Activist call for revenue audit on state governments
A civil society activist has called on the national government to audit the state revenue-generating institutions and promptly inform the public about state-level spending.
The Executive Director of Community Empowerment for Progress Organization (CEPO), Edmund Yakani, said the regular auditing of state government would prevent mismanagement of public funds especially the Personal Income Tax (PIT) collected at the state level.
Mr Yakani, who claimed to have visited eight of the 10 states and one administrative area, alleged that despite traces of revenue collection, there was no tangible impact in terms of service delivery to the citizens in those states.
“Most of the state governments are now administering the personal income tax, and besides they have the responsibility of administering other state revenues,’’ he stated.
“So the majority of the governors are controlling the public revenue at the state level, and that has made service delivery through state-generated revenue level very, very low.”
“My appeal is that there is a need for the top leadership of the country to ensure that this does not give the state government officials to run away with the generated public revenues,” Yakani said.
Yakani called on the presidency to commission the national audit chamber to audit state governments and ascertain how the collection of revenue and spending is being managed in all the 10 states and three administrative areas.
He added, “There are visible sources of revenues being collected but those revenues are not translated into services delivery and even there is lack of transparency around the management of the state-based collected revenues.”
In November 2021, during the governors’ forum in Juba, states were granted the collection of the PIT from employees of private sectors including non-governmental organisations following a thorough debate over the matter.
The consensus reached between the national and state governments was to allow the latter to avoid total dependency on the previous for funding some of the states’ developmental projects in line with the financial management reforms provided for by the revitalized peace agreement.
Since the inception of the coalition government in February 2020, financial management reform has been on top of government priorities.
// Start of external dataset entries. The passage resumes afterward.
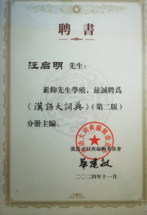 中华传统经典普及基地主任汪启明教授受聘担任《汉语大词典》(第二版)分册主编,并应邀参加本次会议。
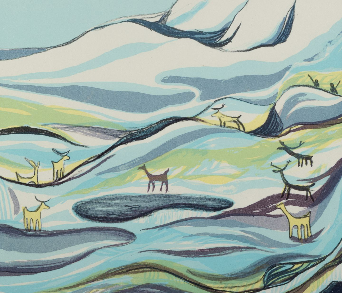 Aka Høegh, Grønlandsk kunstmaler. Farvelitografi på papir.
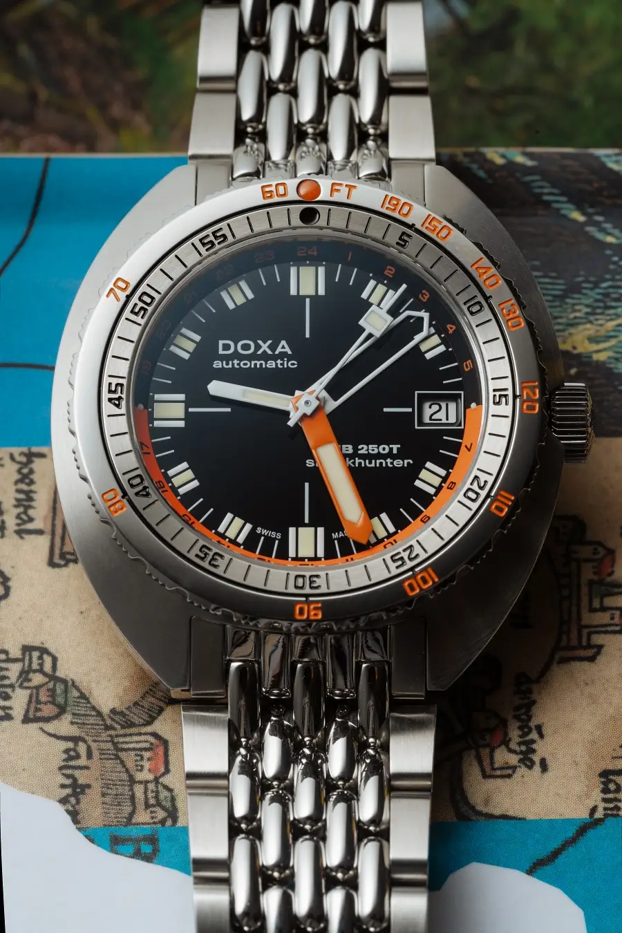 Uzupełniając kolekcję SUB 250T GMT, dostępny jest także zegarek w specjalnej edycji - Vintage Sharkhunter z gradientową tarczą (po raz pierwszy u Doxy), który oddaje hołd wcześniejszym modelom Sharkhunter z charakterystycznymi, całkowicie białymi wskazówkami.
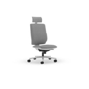 Mirai White von R&D Sitlosophy für Sitlosophy entworfen, ist ein Sessel mit Sitz aus gepresstem Sperrholz, Rückenlehne aus verstärktem Polypropylen, Polsterung aus Schaumstoff und Polsterung aus Stoff oder Kunstleder. Die Kopfstütze ist in Höhe und Neigung verstellbar.
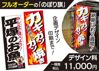 コストが安い、軽くて設置が簡単、シンプルに目立つなどの理由から飲食店をはじめ、様々な業種の店頭に設置されている「のぼり旗」。タウンニュースのグループ会社「タウンニュース・ロコ」では、専属デザイナーがレイアウト作りから印刷までワンストップで製作する、手軽でクオリティの高いのぼり旗の注文を受け付けている。
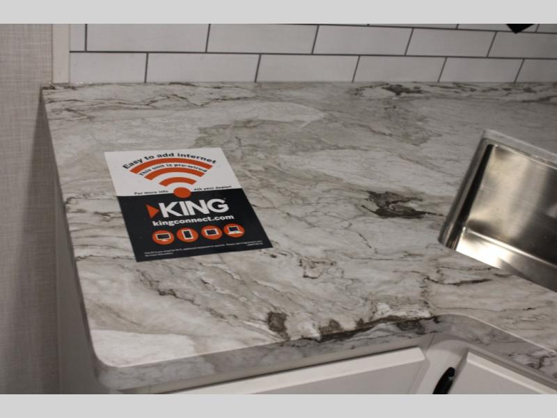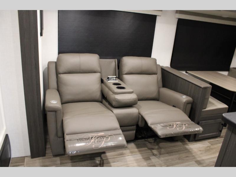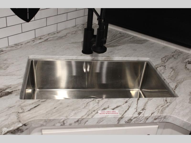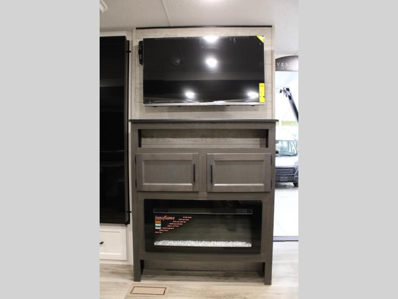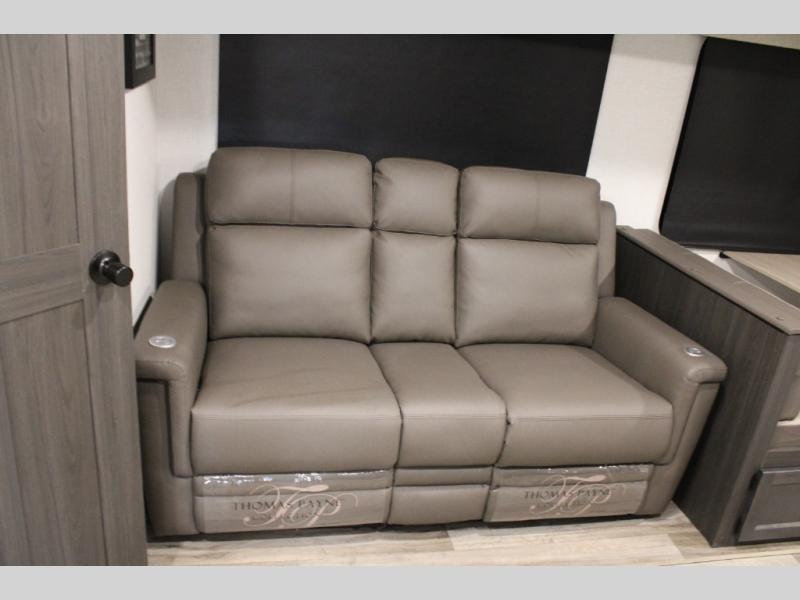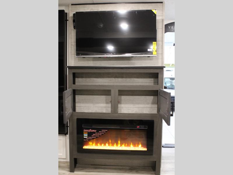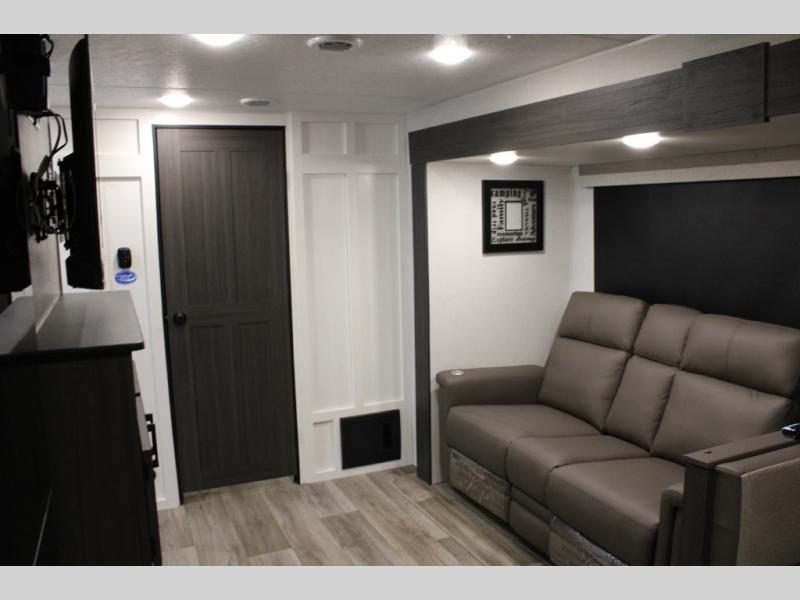 When the weather doesn’t cooperate, the interior offers all the cozy comforts you need. Relax on the 70" sofa or gather around the Sit N’ Slide dinette table, perfectly positioned across from the entertainment center for movie nights or rainy-day lounging.

President Salva Kiir has been serious about the matter. In November, he ordered the Minister of Finance and Planning Agak Achuil to ensure corruption was avoided in public funds management.
Agak subsequently warned revenue collecting agencies saying: “The national revenue authority was created to collect the taxes. It is not a spending agency.
“All the money should be collected and I will be the one to release it. Do not take the money from the collection account.”